POST /api/phonemes/search¶
Find phonemes matching specific feature values.
{"features": {"consonantal": "+", "dorsal": "+", "sonorant": "-"}}
Returns all phonemes matching the given feature constraints.
Contrastive Sets¶
POST /api/contrastive/minimal-pairs¶
Find minimal pairs for a phoneme contrast.
{
"phoneme1": "k",
"phoneme2": "ɡ",
"position": "initial",
"limit": 20
}
| Parameter | Type | Default | Description |
|---|---|---|---|
phoneme1 |
string | required | First phoneme (IPA) |
phoneme2 |
string | required | Second phoneme (IPA) |
position |
string | null | initial, medial, final, or null for any |
limit |
int | 50 | Max pairs (1–500) |
Response:
[
{
"word1": { "word": "cap", ... },
"word2": { "word": "gap", ... },
"position": 0,
"phoneme1": "k",
"phoneme2": "ɡ"
},
...
]
POST /api/contrastive/maximal-opposition/pairs¶
Generate maximally opposed phoneme pairs from a list of unknown phonemes (Gierut 1989–1992). Returns pairs ranked by feature distance.
{
"unknown_phonemes": ["k", "ɡ", "t", "d"],
"top_n": 5
}
POST /api/contrastive/maximal-opposition/word-lists¶
Find word pairs for a specific maximal opposition phoneme pair.
{
"phoneme1": "k",
"phoneme2": "m",
"position": "initial",
"max_pairs": 10
}
POST /api/contrastive/multiple-opposition/targets¶
Select representative target phonemes for multiple opposition therapy (Maximal Classification + Maximal Distinction).
{
"substitute_phoneme": "t",
"target_phonemes": ["k", "ɡ", "d", "s"],
"count": 3
}
POST /api/contrastive/multiple-opposition/sets¶
Generate minimal sets (triplets/quadruplets) for multiple opposition therapy.
{
"substitute_phoneme": "t",
"target_phonemes": ["k", "d"],
"position": "initial",
"max_sets": 10
}
Text Analysis¶
POST /api/text/analyze¶
Analyze a passage for phonological and psycholinguistic properties.

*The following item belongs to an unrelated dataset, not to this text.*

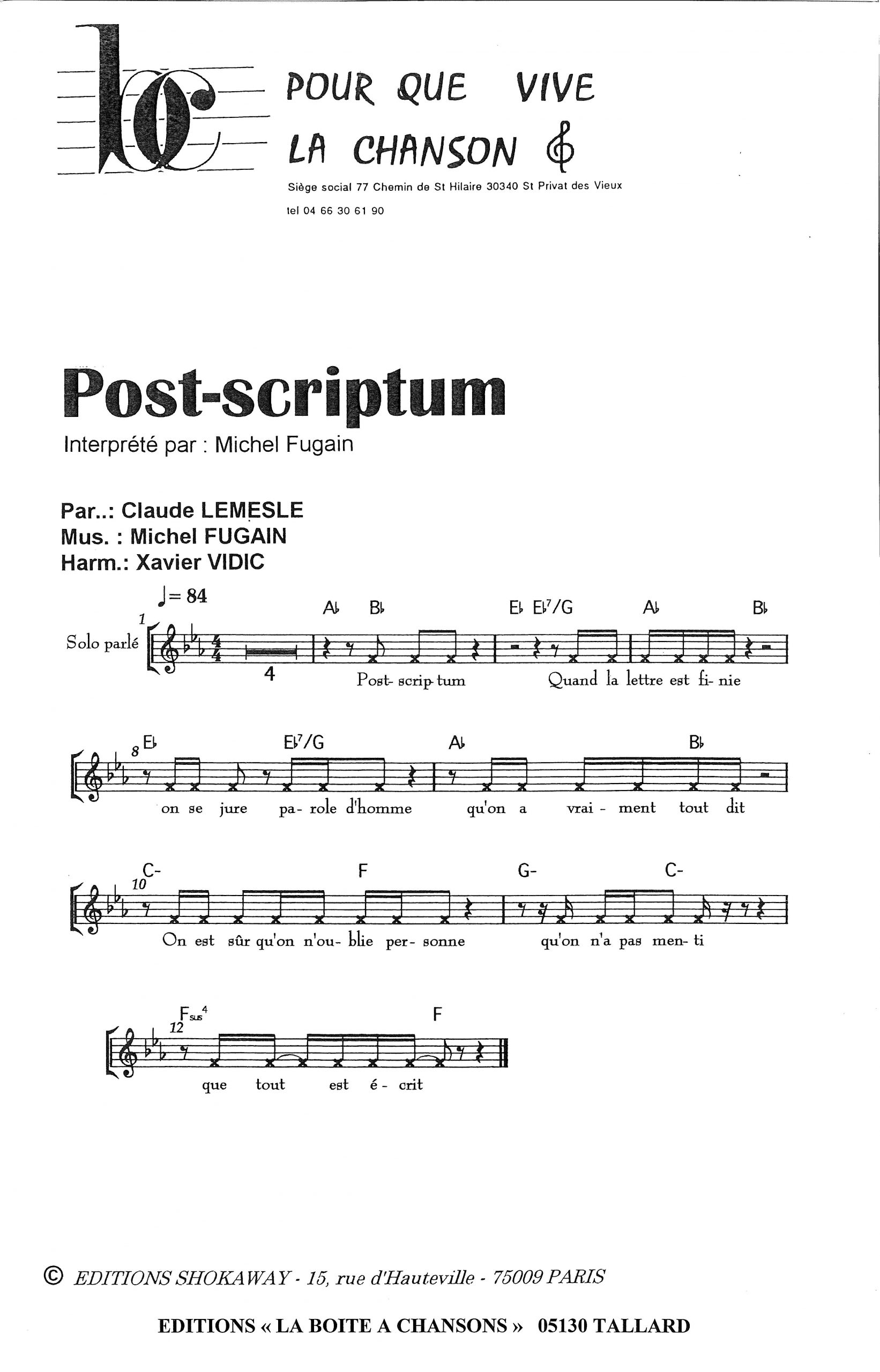 Paroles et musique de LEMESLE/FUGAIN Harmonisation : Xavier VIDIC

{"text": "The quick brown fox jumps over the lazy dog."}
Response:
{
"total_words": 9,
"analyzed_words": 9,
"unknown_words": [],
"coverage_percent": 100.0,
"aggregate_percentiles": {
"frequency_percentile": 89.2,
"concreteness_percentile": 54.1,
"aoa_percentile": 31.7,
...
},
"word_details": [
{
"word": "quick",
"percentiles": {
"frequency_percentile": 82.1,
"concreteness_percentile": 32.5,
...
}
},
...
]
}
aggregate_percentiles are weighted averages across all analyzed words. word_details gives per-word percentiles for highlighting and drill-down.
Properties¶
Properties available on word objects, grouped by category (35 are filterable via the API; additional derived fields are included in responses):
| Category | Properties |
|---|---|
| Phonological Complexity | syllable_count, phoneme_count, wcm_score |
| Phonotactic Probability | phono_prob_avg, positional_prob_avg |
| Lexical | frequency, log_frequency, contextual_diversity, prevalence, aoa, aoa_kuperman, elp_lexical_decision_rt |
| Semantic | imageability, familiarity, concreteness, size |
| Affective | valence, arousal, dominance |
| Cognitive / Embodied | iconicity, boi, socialness |
| Sensorimotor — Perceptual | auditory, visual, haptic, gustatory, olfactory, interoceptive |
| Sensorimotor — Action | hand_arm, foot_leg, head, mouth, torso |
| Morphological | morpheme_count, is_monomorphemic, n_prefixes, n_suffixes |
Each numeric property also has a {property}_percentile field (0–100) representing the cumulative percentile rank within the vocabulary.
Error Handling¶
| Status | Meaning |
|---|---|
200 |
Success |
404 |
Word or phoneme not found |
422 |
Validation error (bad request body) |
429 |
Rate limit exceeded (check Retry-After header) |
500 |
Server error |
Error responses include a detail field with a human-readable message.